- _Extracted records_
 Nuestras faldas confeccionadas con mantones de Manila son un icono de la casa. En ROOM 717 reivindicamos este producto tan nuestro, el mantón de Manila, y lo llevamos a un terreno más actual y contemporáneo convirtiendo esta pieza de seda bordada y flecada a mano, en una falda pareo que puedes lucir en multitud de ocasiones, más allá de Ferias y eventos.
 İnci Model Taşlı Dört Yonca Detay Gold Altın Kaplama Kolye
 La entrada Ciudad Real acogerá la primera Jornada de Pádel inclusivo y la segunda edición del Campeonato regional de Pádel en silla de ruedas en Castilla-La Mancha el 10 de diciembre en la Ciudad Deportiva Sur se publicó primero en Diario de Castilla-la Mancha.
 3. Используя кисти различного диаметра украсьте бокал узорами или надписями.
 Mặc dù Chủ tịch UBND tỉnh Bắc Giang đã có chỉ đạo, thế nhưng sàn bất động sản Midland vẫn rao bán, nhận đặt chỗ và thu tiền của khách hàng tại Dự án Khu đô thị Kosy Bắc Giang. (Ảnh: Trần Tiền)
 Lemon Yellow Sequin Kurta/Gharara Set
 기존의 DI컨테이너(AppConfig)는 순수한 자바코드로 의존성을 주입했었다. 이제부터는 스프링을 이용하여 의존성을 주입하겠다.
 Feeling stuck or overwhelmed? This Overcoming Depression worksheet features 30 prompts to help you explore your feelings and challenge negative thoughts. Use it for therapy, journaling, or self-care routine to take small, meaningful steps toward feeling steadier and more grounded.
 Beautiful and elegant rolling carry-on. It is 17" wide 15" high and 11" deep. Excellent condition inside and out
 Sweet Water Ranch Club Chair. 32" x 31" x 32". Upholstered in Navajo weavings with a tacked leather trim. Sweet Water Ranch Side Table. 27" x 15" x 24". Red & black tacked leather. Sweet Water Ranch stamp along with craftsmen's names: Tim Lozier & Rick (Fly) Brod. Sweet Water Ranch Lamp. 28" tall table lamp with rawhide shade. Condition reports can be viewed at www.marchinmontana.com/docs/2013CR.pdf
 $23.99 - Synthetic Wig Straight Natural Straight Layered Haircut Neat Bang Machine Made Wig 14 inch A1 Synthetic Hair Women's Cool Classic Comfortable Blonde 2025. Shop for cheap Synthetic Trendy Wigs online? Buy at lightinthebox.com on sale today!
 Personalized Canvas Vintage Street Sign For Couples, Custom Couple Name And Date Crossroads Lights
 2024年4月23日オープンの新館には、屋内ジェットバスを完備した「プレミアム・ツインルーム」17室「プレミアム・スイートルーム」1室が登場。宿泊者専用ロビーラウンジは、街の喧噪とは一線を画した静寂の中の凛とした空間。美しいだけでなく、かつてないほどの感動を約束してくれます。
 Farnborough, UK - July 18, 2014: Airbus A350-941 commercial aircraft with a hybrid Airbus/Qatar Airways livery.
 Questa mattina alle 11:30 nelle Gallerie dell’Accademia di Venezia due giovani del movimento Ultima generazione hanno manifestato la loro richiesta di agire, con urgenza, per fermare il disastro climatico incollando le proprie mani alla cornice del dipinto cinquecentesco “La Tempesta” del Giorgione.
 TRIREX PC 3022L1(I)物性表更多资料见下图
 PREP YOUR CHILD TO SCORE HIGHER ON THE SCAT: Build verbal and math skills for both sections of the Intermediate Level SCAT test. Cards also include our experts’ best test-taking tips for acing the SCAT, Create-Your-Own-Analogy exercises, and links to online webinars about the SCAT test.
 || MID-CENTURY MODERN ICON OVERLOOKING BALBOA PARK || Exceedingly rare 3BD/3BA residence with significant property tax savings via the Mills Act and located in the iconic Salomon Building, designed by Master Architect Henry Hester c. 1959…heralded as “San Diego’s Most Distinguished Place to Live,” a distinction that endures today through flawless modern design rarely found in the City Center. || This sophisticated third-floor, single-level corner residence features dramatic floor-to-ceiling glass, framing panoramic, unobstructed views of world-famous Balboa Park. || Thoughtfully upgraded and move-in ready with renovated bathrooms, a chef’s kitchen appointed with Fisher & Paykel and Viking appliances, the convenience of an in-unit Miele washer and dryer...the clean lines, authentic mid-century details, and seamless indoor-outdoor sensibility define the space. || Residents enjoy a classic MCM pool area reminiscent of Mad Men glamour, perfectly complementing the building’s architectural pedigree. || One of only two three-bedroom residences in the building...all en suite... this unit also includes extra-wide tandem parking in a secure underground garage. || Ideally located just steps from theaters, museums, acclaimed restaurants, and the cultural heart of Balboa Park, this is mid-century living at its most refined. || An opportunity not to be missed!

- _Task to carry out_
Repeat verbatim the opening run of entries, ending with the line that contains "La entrada Ciudad".

- _Answer box_
 Nuestras faldas confeccionadas con mantones de Manila son un icono de la casa. En ROOM 717 reivindicamos este producto tan nuestro, el mantón de Manila, y lo llevamos a un terreno más actual y contemporáneo convirtiendo esta pieza de seda bordada y flecada a mano, en una falda pareo que puedes lucir en multitud de ocasiones, más allá de Ferias y eventos.
 İnci Model Taşlı Dört Yonca Detay Gold Altın Kaplama Kolye
 La entrada Ciudad Real acogerá la primera Jornada de Pádel inclusivo y la segunda edición del Campeonato regional de Pádel en silla de ruedas en Castilla-La Mancha el 10 de diciembre en la Ciudad Deportiva Sur se publicó primero en Diario de Castilla-la Mancha.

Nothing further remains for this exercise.